MongoDB has announced the integration of search and vector search capabilities with MongoDB Community Edition and MongoDB Enterprise Server.
Previously, exclusively except for the fully managed Mongodb Atlas cloud platform, developers and organizations of all sizes now have access to previews of robust full-text search and vector search capabilities in the world's most popular modern database, with Mongodb's local, on-premises, and self-management offering. Starting today, these features have been made public for development and testing purposes.
Today's customers expect the latest real-time applications, high-performance, personalized. To meet these requirements, developers and businesses need comprehensive AI search and search tools integrated into the database where the data is stored. These native outbox search and AI-driven features include full-text, semantic search, and hybrid search to provide a highly accurate, intelligent, context-aware searched luxury generation (RAG) and agent AI user experience.
Allow millions of developers to build more powerful applications
Previously, search functionality had to be added to an external search engine or vector database to integrate into a self-managed MongoDB environment. Managing fragmented search stacks added complexity and risk, creating operational overheads that could lead to fragile extracts, transformation (ETL) pipelines, synchronization errors, and higher costs. This meant that developers needed to use and manage multiple systems from different vendors just to add search functionality.
Currently, with search and search capabilities directly integrated into MongoDB Community Edition and MongoDB Enterprise Server, developers and organizations are:
- Test and build AI applications locally: Vector Search enables semantic information search based on meaning encoded with vector embedding. This allows users to manage all dynamic AI applications that rely on unstructured data, such as text documents, images, videos, audio files, chat messages, and more, all locally or on-premises environments.
- Increase accuracy with hybrid search: Combine keywords and vector searches to return unified results from a single query for more accurate results. Developers who are critical to trusted agent solutions and AI applications can easily take advantage of this powerful feature directly through MongoDB's familiar query framework.
- Power AI Agent with Long-Term Memory: MongoDB's data acts as a long-term memory store for AI Agents, enabling accurate context-aware applications that can respond to real-world situations. Community Edition allows developers to easily prototype lag systems. Organizations built on Enterprise Server can safely ground AI agents with their own data about their own infrastructure.
MongoDB is a unified document database that provides developers with the tools they need to build modern applications to handle all their use cases in one place. Today, Mongodb promotes this commitment with powerful search and search capabilities that help developers build intelligent AI applications to provide context related to their agent systems in their environment of choice.
MongoDB Partners validates new search capabilities in the Community Edition
Many MONGODB partners, including LANGCHAIN, work closely with providers of software development frameworks for building LLM-driven applications and MongoDB, including LlamainDex, an open source framework for LLM applications, including LLMAINDEX, to test search and vector search capabilities in the community version.
MongoDB Search and MongoDB Vector Search are available through Public Preview on MongoDB Community Edition and Enterprise Server.

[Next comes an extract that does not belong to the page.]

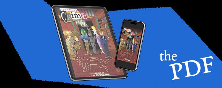 For $30, you can get a physical print copy of Perfect Crime Party. It'sa 6.625 inch × 10.25 inch, full-color volume with 25 stories, and extra art in the back! And for the crowdfund only, it will be accompanied by a free DRM-free PDF ebook with purchase!

For more information, please see the Mongodb blog.
Devin Pratt, IDC Research Director
According to a 2025 IDC survey, over 74% of organizations will use a unified vector database to store and query vector embeddings within the Agent AI workflow. In a rapidly moving technology era driven by LLMS and AI applications, developers cannot afford to slow down with fragmented systems. Embedding searches and vector searches directly into the database gives you one less complexity to manage and you can concentrate on building intelligent applications.
Bencephalo, Mongodb Core Product Head and Senior Vice President
At Mongodb, we believe in empowering developers everywhere with the tools they need to build next-generation applications. By expanding the search and vector search capabilities, we offer developers the unparalleled flexibility to build their chosen environment with the ultimate customer guarantee that Mongodb Atlas' beloved core database and query capabilities are also freely available in the community. And once your applications are ready to market, you can easily migrate to a fully managed Mongodb Atlas platform for seamless scaling, multi-cloud flexibility and enterprise-grade security.
Harrison Chase, CEO, Run Chaine
MongoDB search and vector search are now accessible in the already popular Mongodb Community Edition. Now, customers can leverage Mongodb and Langchain in their deployment mode and their preferred environment to build cutting-edge LLM applications.
Jerry Liu, CEO of Llamaindex
I'm excited about the next interaction in the Mongodb Community Edition search experience. Customers want the utmost flexibility to run search and GEN AI-enabled applications, and providing this functionality to the community unlocks a whole new way to build and test anywhere.